- What is required: Start at the line below containing "Конструкция, полностью выполненная" and stop at the line containing "Еще немножко 🤏-и". Repeat every line of that stretch exactly, and nothing outside it.

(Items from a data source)
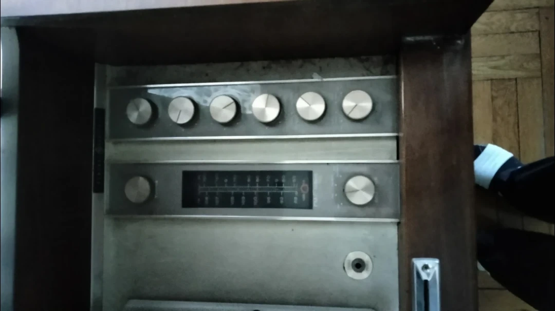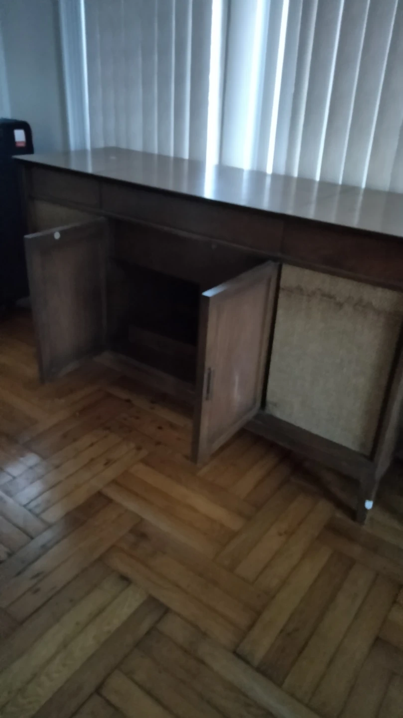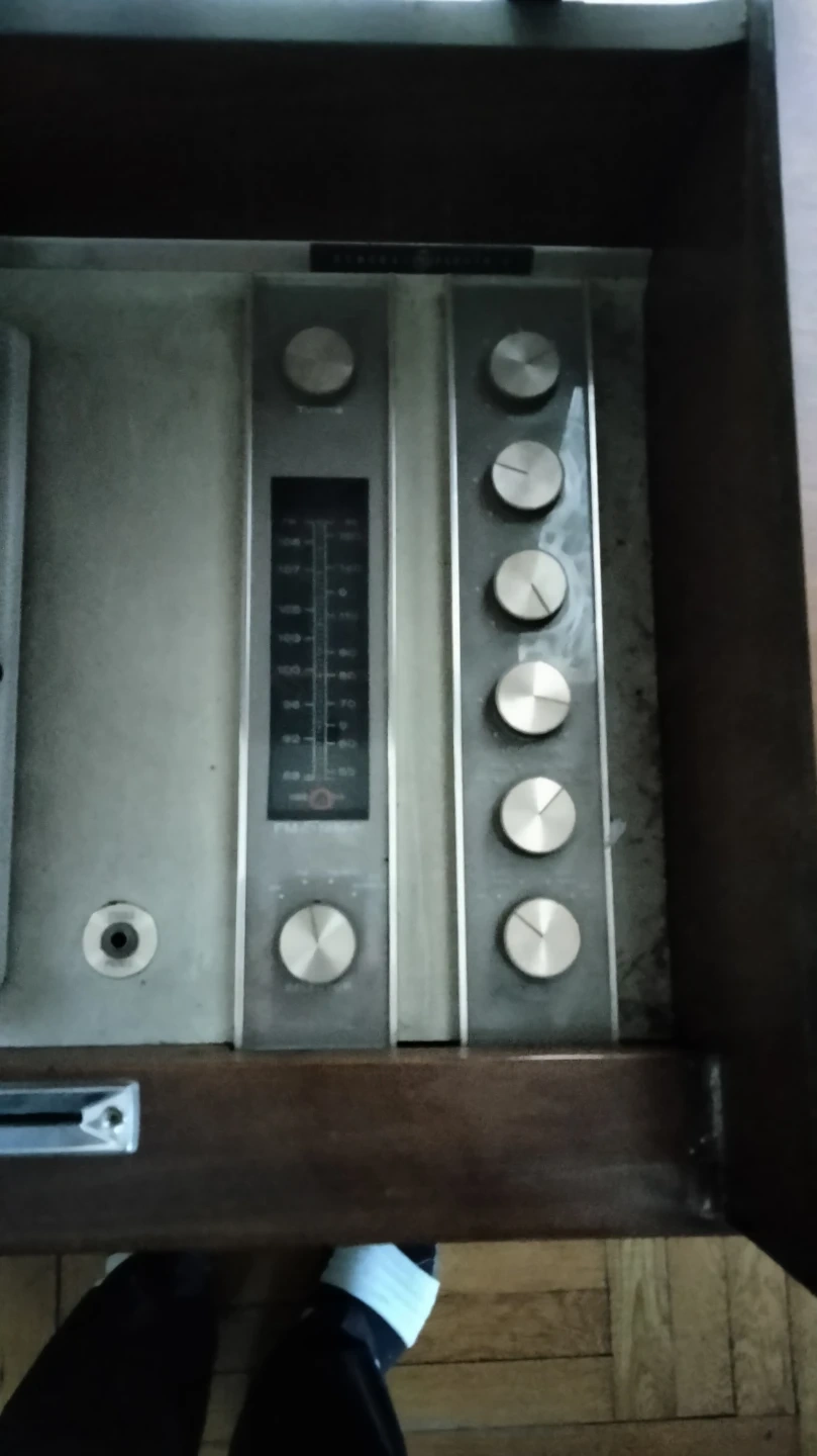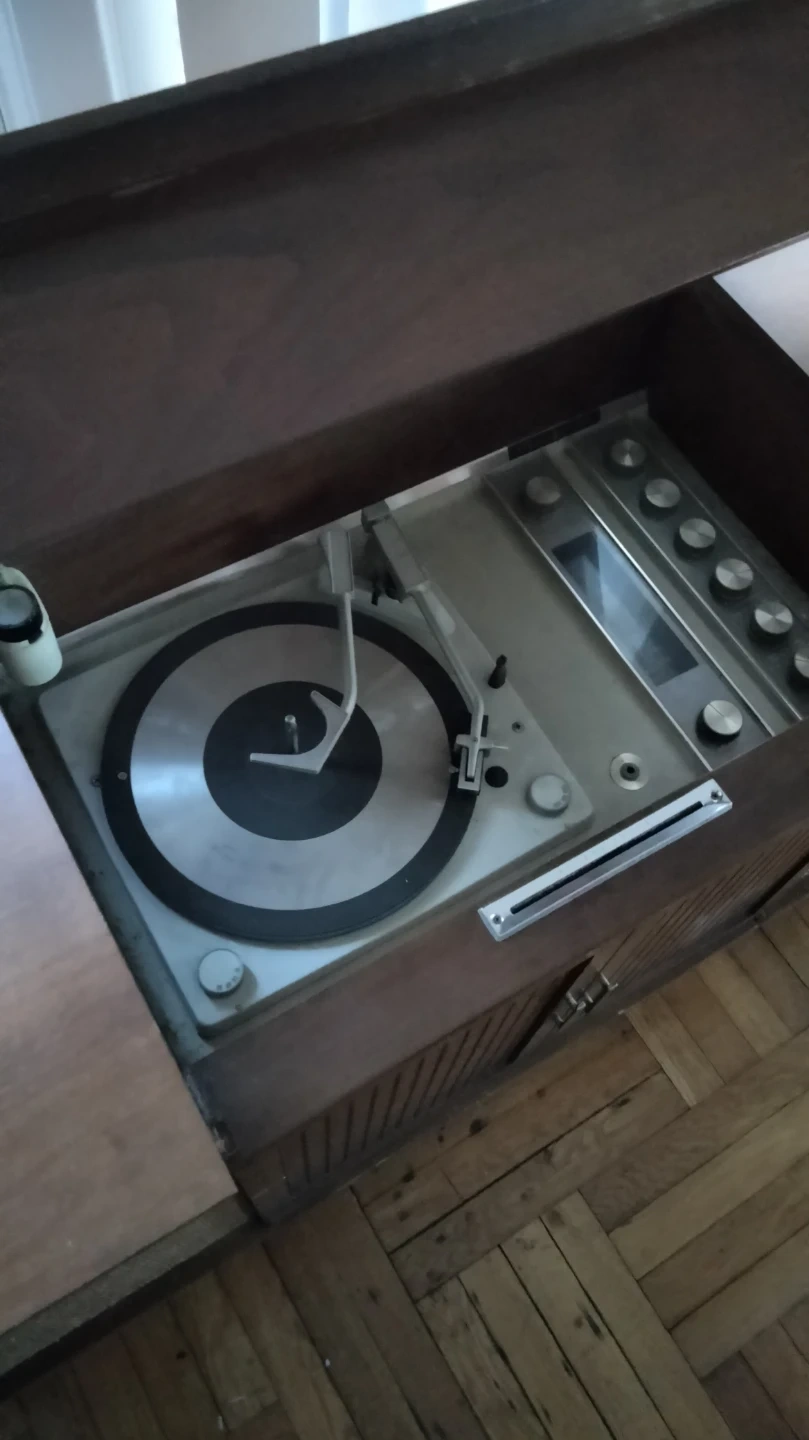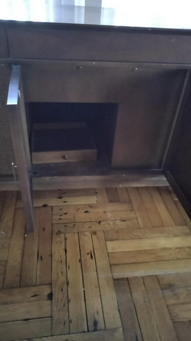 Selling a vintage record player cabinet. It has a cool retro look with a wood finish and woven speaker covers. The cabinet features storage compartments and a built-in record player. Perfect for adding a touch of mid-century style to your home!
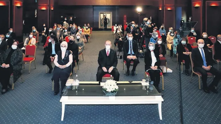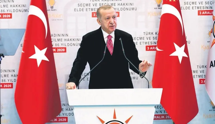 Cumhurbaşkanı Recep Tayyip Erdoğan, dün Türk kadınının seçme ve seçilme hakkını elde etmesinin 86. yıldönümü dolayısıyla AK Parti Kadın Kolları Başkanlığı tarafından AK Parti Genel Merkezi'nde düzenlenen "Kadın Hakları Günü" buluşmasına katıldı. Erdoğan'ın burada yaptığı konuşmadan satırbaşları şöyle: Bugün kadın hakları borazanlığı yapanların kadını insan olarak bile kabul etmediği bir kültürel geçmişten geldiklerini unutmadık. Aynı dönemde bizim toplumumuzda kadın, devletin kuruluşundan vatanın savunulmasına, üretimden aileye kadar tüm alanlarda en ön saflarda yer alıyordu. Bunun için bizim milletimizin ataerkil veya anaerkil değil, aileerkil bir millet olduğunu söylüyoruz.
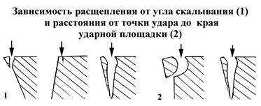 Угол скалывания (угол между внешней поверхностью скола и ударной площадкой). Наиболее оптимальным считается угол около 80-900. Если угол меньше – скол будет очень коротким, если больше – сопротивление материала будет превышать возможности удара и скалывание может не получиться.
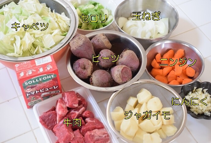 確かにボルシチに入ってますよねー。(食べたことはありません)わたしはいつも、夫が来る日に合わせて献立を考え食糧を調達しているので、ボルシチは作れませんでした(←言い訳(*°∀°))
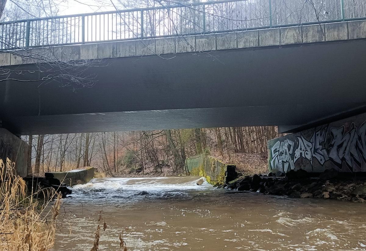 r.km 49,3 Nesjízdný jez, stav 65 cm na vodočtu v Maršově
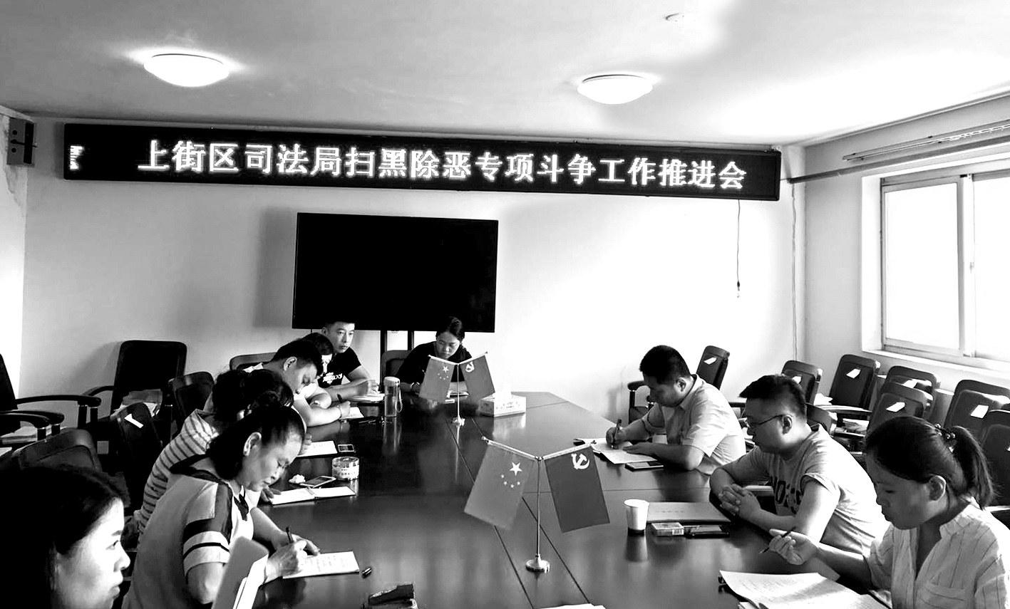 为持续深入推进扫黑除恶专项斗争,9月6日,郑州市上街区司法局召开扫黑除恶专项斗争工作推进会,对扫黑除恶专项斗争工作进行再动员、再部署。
==
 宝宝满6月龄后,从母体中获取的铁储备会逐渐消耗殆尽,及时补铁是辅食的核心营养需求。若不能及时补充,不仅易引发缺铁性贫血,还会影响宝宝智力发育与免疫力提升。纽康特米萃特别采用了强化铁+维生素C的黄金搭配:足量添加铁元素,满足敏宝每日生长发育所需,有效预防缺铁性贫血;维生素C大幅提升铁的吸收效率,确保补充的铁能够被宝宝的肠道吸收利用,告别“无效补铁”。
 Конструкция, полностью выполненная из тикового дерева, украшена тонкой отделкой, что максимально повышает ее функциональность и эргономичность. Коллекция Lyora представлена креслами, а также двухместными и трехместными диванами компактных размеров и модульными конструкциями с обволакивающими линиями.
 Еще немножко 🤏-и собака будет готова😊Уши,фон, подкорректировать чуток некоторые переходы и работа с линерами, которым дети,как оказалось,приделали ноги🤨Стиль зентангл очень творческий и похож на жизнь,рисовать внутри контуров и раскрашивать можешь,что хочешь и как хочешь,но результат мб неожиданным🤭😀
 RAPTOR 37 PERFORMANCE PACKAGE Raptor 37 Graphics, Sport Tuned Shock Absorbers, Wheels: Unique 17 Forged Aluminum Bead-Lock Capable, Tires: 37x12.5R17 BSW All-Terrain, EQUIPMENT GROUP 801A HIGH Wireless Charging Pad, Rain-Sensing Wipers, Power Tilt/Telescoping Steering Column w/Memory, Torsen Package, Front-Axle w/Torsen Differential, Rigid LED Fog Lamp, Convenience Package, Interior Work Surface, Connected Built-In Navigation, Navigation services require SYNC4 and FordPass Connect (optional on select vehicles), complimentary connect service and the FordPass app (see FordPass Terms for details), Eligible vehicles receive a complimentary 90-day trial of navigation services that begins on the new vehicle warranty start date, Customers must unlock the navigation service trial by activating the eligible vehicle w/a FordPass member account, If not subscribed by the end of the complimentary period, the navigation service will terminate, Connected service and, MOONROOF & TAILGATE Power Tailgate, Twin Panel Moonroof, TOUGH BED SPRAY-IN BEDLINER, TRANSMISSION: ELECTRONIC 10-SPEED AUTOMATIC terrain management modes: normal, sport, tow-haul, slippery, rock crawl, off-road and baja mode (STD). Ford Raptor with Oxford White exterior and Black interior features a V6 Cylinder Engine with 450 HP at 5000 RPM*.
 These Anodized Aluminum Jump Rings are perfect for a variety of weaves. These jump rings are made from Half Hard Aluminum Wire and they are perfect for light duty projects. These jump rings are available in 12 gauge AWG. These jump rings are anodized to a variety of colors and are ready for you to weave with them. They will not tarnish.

- Exercise answer:
 Конструкция, полностью выполненная из тикового дерева, украшена тонкой отделкой, что максимально повышает ее функциональность и эргономичность. Коллекция Lyora представлена креслами, а также двухместными и трехместными диванами компактных размеров и модульными конструкциями с обволакивающими линиями.
 Еще немножко 🤏-и собака будет готова😊Уши,фон, подкорректировать чуток некоторые переходы и работа с линерами, которым дети,как оказалось,приделали ноги🤨Стиль зентангл очень творческий и похож на жизнь,рисовать внутри контуров и раскрашивать можешь,что хочешь и как хочешь,но результат мб неожиданным🤭😀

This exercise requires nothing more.